Désireux de respecter les sensibilités de tous, et en particulier celles de nos congénères qui bénéficient encore pour quelques éphémères années d'une semi lucidité cognitive, et d'un périmètre d'autonomie de plus en plus restreint autour des lieux d'aisances, c'est miséricordieusement, dans le respect des valeurs judéo-chrétiennes, et dans un élan de compassion dictée par une vaine tentative de racheter son fils en viager, que je publie aujourd'hui le droit de réponse de Raoul, mon collègue de promo de l'IUFM, mon compagnon de gaudrioles pédagogiques, celui qui a tutoyé les plus grands de René Coty à Gustavo Pinochet en passant par les Bee Gees. En réaction au compte-rendu de notre journée de formation, mon bon Raoul a manifester un légitime droit à la parole afin de défendre son honneur en général et ses goûts vestimentaires en particulier, voici donc ce que j'ai reçu:

Mes ami(e)s,
je profite de cette tribune pour vous signaler le fait suivant: si comme moi vous suivez par blogs interposé les aventures de notre "cher" PROCTOR,vous pouvez actuellement apprécier minute par minute notre journée déformation IUFM!hélas....hélas (trois fois hélas) j'ai bien peur que ce soit le "dessin de trop" pour notre Proctor.En effet ce dernier nous avait habituer à une rigueur quasi scientifique dans l'analyse de notre parcours en tant que bleusbites de l'enseignement et nous suivions avec intérêt et profit sa mise en place de méthodes pédagogiques peu orthodoxes ( mais ô combien salutaire pour nos jeunes "chiots" exubérants)

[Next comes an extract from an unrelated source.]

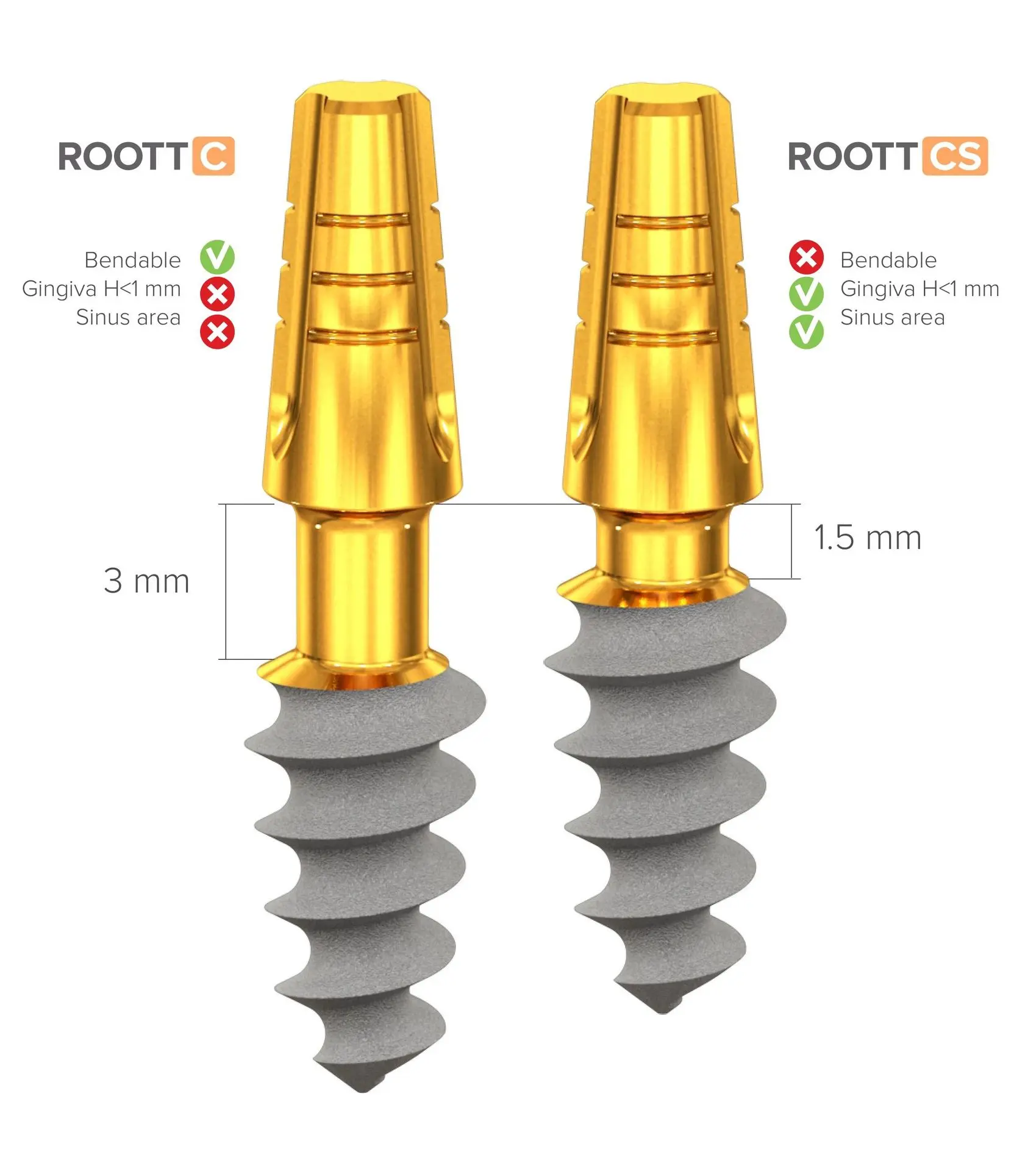 The ROOTT C/CS implant is engineered to integrate surgical stability with a highly adaptable abutment design, optimizing immediate functional results.

Certes me direz vous tout cela est pertinent (mot à placer pour l'évaluation) mais où veut-il en venir?et bien à ceci: dans le récit de notre journée IUFM ,vous pourrez voir apparaître un personnage nommé: RAOUL. Evidemment sous ce patronyme ridicule se cache votre serviteur! Il se trouve que ce jour là ,je portais un superbe pull bleu pétrole d'une rare élégance, ABSOLUMENT PAS de confection roumaine avec de SUPERBES motifs asymétriques qu'hélas la maladresse du graphisme ne restitue absolument pas! Qui plus est il est un peu facile de critiquer les "temps morts de la formation qui sont l'occasion de digérer les nombreuses informations de nos formateurs! Je pourrai apporter mon témoignage sur cette journée et vous faire saliver avec toutes les notions nouvelles que j'ai pu intégrer à travers un échange constructif entre collègues.....mais j'ai envi de dire à MONSIEUR PROCTOR!" SI VOUS N'AIMEZ PAS CE METIER....QUITTEZ-LE ! "Raoul dit "l'élégant"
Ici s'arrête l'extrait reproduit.